See **functions** in the repository for [AnalysisTool_Chromatin](../../README.md)

In [2]:
# Chromatin_analysis_tools (ATC)
# Get path for the py containing functions
import os
import sys
import importlib
module_path =r'C:\Users\shiwei\Documents\AnalysisTool_Chromatin'
if module_path not in sys.path:
    sys.path.append(module_path)
    
# import relevant modules
import gene_selection 
importlib.reload(gene_selection)
import gene_to_loci
importlib.reload(gene_to_loci)
import gene_activity
importlib.reload(gene_activity)
import loci_1d_features
importlib.reload(loci_1d_features)  

import atac_to_loci
importlib.reload(atac_to_loci)

<module 'atac_to_loci' from 'C:\\Users\\shiwei\\Documents\\AnalysisTool_Chromatin\\atac_to_loci.py'>

# Define folders

In [3]:
# main folder for postanalysis
postanalysis_folder = r'L:\Shiwei\postanalysis_2024\v0'
# input files for postanalysis
input_folder = os.path.join(postanalysis_folder, 'resources_from_preprocess')

# output file to be generated
output_main_folder = os.path.join(postanalysis_folder, 'locus_annotation')

output_analysis_folder = os.path.join(output_main_folder, 'analysis')
output_figure_folder = os.path.join(output_main_folder, 'figures')

# make new folder if needed
make_output_folder = True

if make_output_folder and not os.path.exists(output_analysis_folder):
    os.makedirs(output_analysis_folder)
    print(f'Generating analysis folder: {output_analysis_folder}.')
elif os.path.exists(output_analysis_folder):
    print(f'Use existing analysis folder: {output_analysis_folder}.')
    
if make_output_folder and not os.path.exists(output_figure_folder):
    os.makedirs(output_figure_folder)
    print(f'Generating figure folder: {output_figure_folder}.')
elif os.path.exists(output_figure_folder):
    print(f'Use existing figure folder: {output_figure_folder}.')

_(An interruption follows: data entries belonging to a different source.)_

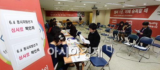 [아시아경제 윤동주 기자] 6.4 동시지방선거 새누리당 공직후보자추천 신청 접수가 시작된 4일 서울 여의도 중앙당사 접수처에서 접수관계자들이 접수 준비를 하고 있다.윤동주 기자 doso7@asiae.co.kr<ⓒ세계를 보는 창 경제를 보는 눈, 아시아경제(www.asiae.co.kr) 무단전재 배포금지>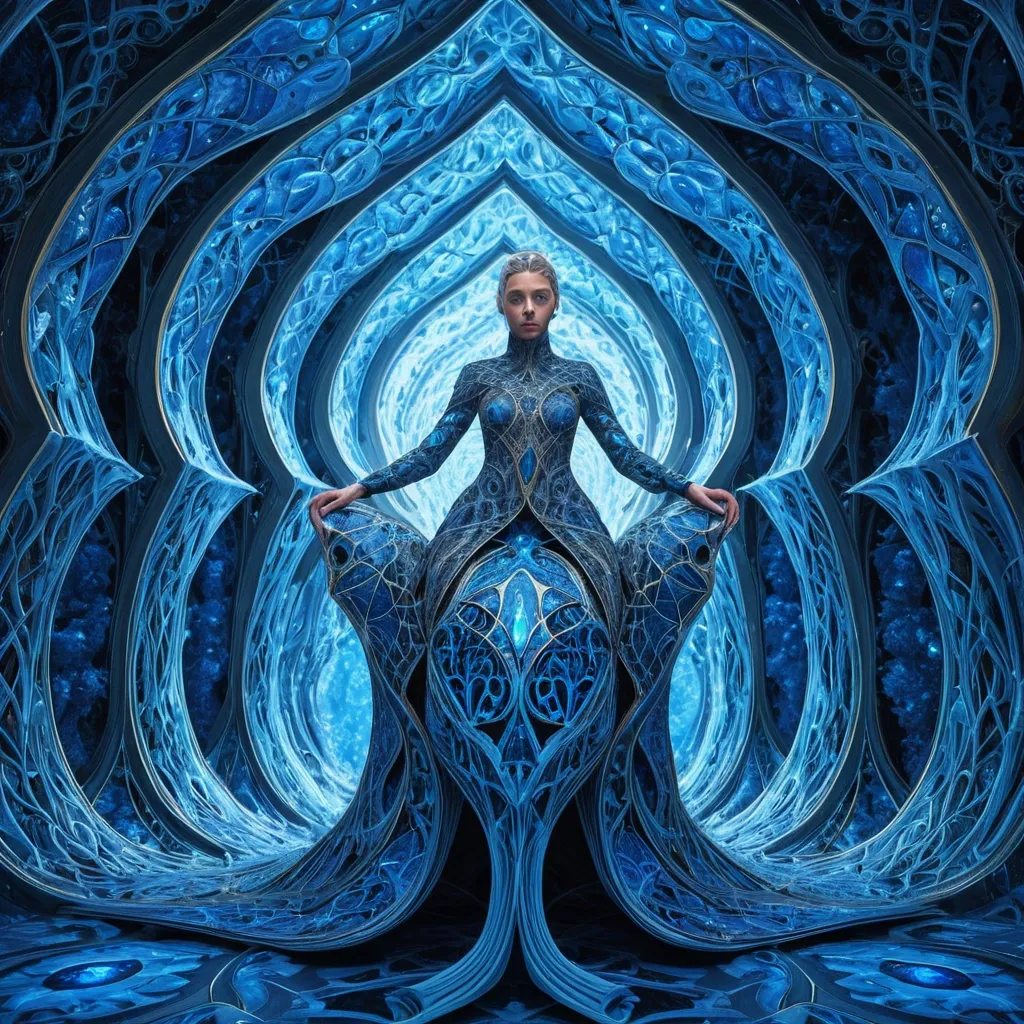 A futuristic vision of a fusion of Escher and Dali styles made of Tendrils , Ice cathedral , surreal twisting forms , intricate geometrical patterns , universal glowing landscapes , (contemporaneity blue gradient colors) , covered with flora carpets the crystal walls , a crystalline Arabian woman with striking blue eyes riding on fiant Black panther with glowing red eyes , intricate fractal filigree patterns covering skin and fur in gold and sapphire blue , ultra-detailed ornate baroque style , high depth cinematic detail , (ultra-detailed) , imaginative composition , enchanting atmosphere , full illusion , Chaotic Harmony elements. ,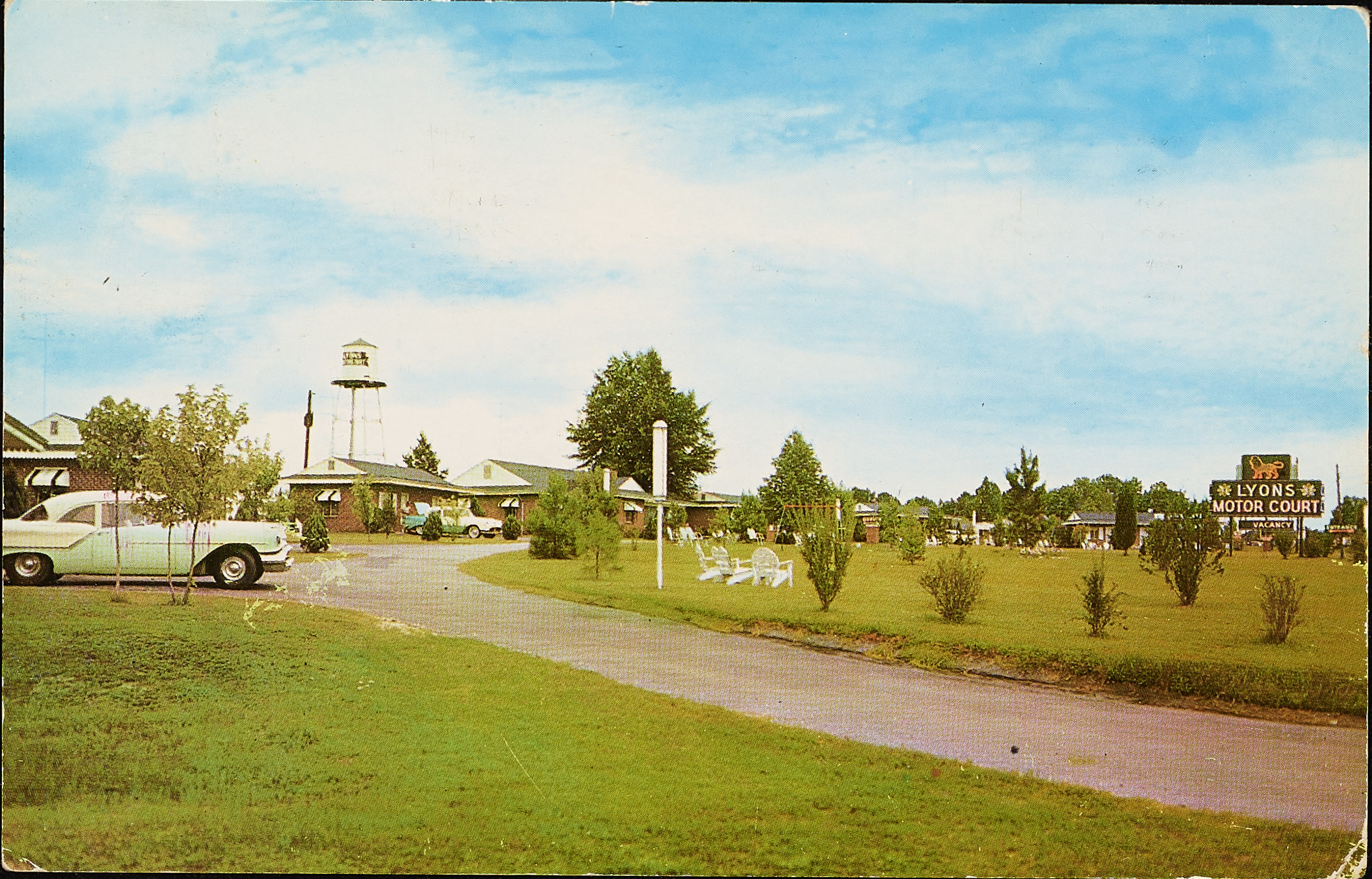 Transcribed from postcard text: "Lyons Motor Court Restaurant adjoining - U.S. Highways 1, 15 & 501 … 3 miles north of Sanford North Carolina, telephone Spring 4-3871 - 12 all brick units with private baths & showers. Mr. and Mrs. Berl O. Spitler Owners & Operators" Handwritten on reverse: "On our way home here tonight (5/2) after a very nice visit in Fla. Expect to be with Roger + Lee Thurs. and home by Sat. See you later. Dodges" [Addressed to N.H.]

Use existing analysis folder: L:\Shiwei\postanalysis_2024\v0\locus_annotation\analysis.
Use existing figure folder: L:\Shiwei\postanalysis_2024\v0\locus_annotation\figures.


# Plotting parameters

In [4]:
%matplotlib inline
import matplotlib
matplotlib.rcParams['pdf.fonttype'] = 42
import matplotlib.pyplot as plt
plt.rc('font', family='serif')
plt.rc('font', serif='Arial')

from ImageAnalysis3.figure_tools import _double_col_width, _single_col_width, _font_size, _ticklabel_size,_ticklabel_width

import seaborn as sns
sns.set_context("paper", rc={"font.size":_font_size,"axes.titlesize":_font_size+1,"axes.labelsize":_font_size})  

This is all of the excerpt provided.